Task goal |
For this task, copy all of the data below exactly and skip the pictures.

Supplied information |
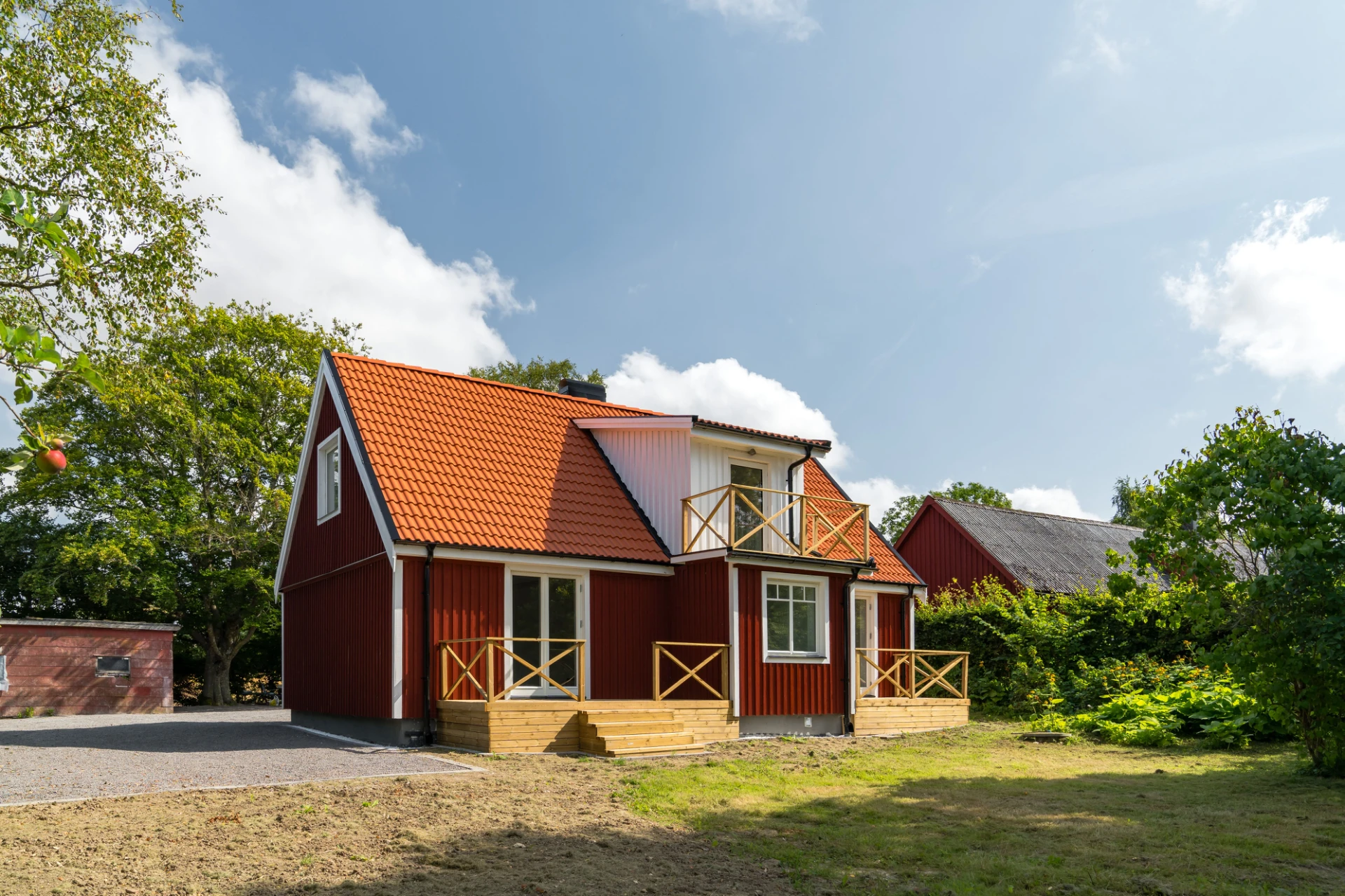 Ett rofyllt sovrum med plats för dubbelsäng och förvaringsmöbel. Fönster mot trädgården ger ett lugnt och privat läge.
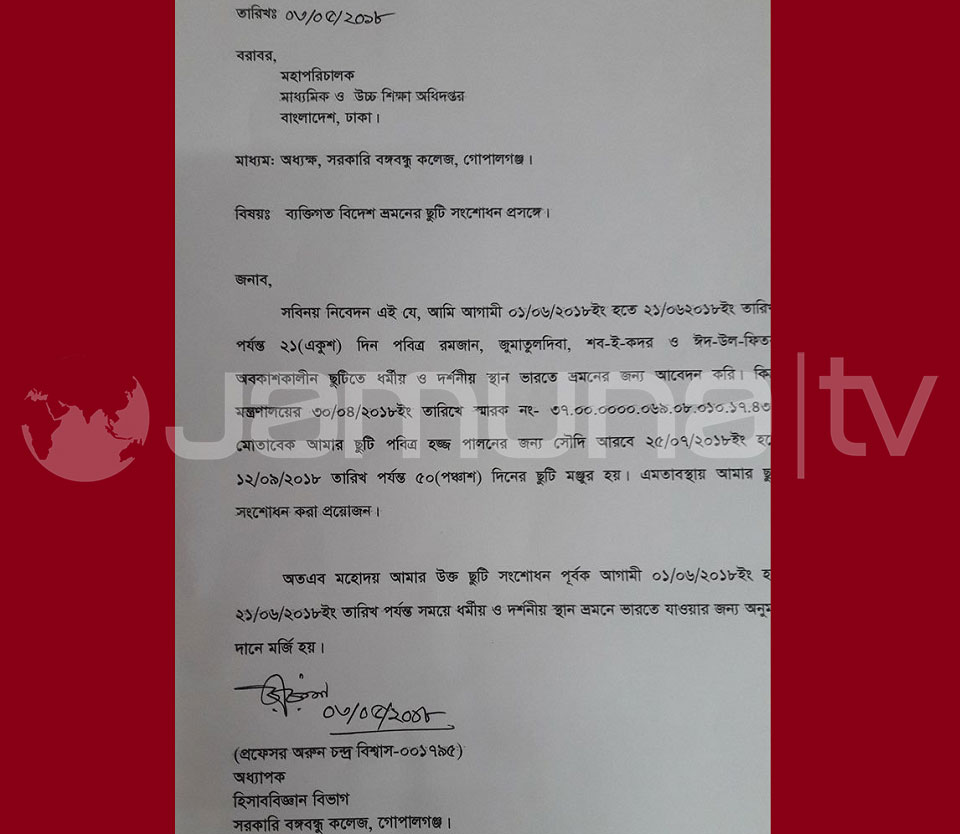 হজব্রত পালনে ৫০ দিনের ছুটি পাওয়ার ঘটনায় বিব্রত গোপালগঞ্জের সরকারি বঙ্গবন্ধু কলেজের হিসাব বিজ্ঞান বিভাগের অধ্যাপক অরুন চন্দ্র বিশ্বাস। ছুটি সংশোধনের জন্য মাধ্যমিক ও উচ্চ শিক্ষা অধিদপ্তর বরাবর পুনরায় আবেদন করেছেন তিনি।
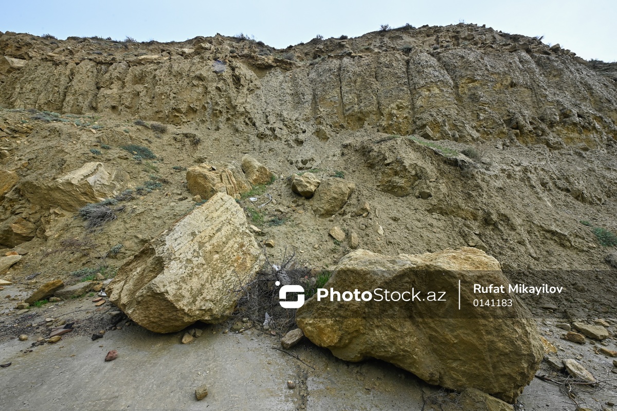 Bibiheybət yolunda yaranmış torpaq sürüşməsi təhlükəsi
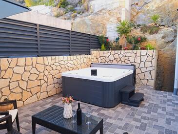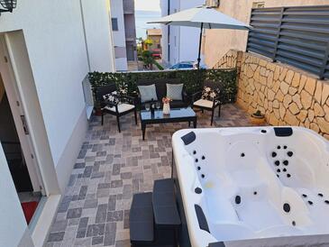 Ferienwohnung bietet Platz für 8 Gäste. Die Betten sind in Schlafzimmern, die es 3 gibt, und in Wohnzimmer, innerhalb einer Gesamtfläche von 114m2, angeordnet. Die Gäste haben eine eigene Terrasse zur Verfügung, auf der sie in warmen Sommernächten genießen können. Das Apartment bietet Meerblick. Es ist erlaubt, Speisen auf dem Gemeinschafts-Grill vorzubereiten.

Written response |
 Ett rofyllt sovrum med plats för dubbelsäng och förvaringsmöbel. Fönster mot trädgården ger ett lugnt och privat läge.
 হজব্রত পালনে ৫০ দিনের ছুটি পাওয়ার ঘটনায় বিব্রত গোপালগঞ্জের সরকারি বঙ্গবন্ধু কলেজের হিসাব বিজ্ঞান বিভাগের অধ্যাপক অরুন চন্দ্র বিশ্বাস। ছুটি সংশোধনের জন্য মাধ্যমিক ও উচ্চ শিক্ষা অধিদপ্তর বরাবর পুনরায় আবেদন করেছেন তিনি।
 Bibiheybət yolunda yaranmış torpaq sürüşməsi təhlükəsi
 Ferienwohnung bietet Platz für 8 Gäste. Die Betten sind in Schlafzimmern, die es 3 gibt, und in Wohnzimmer, innerhalb einer Gesamtfläche von 114m2, angeordnet. Die Gäste haben eine eigene Terrasse zur Verfügung, auf der sie in warmen Sommernächten genießen können. Das Apartment bietet Meerblick. Es ist erlaubt, Speisen auf dem Gemeinschafts-Grill vorzubereiten.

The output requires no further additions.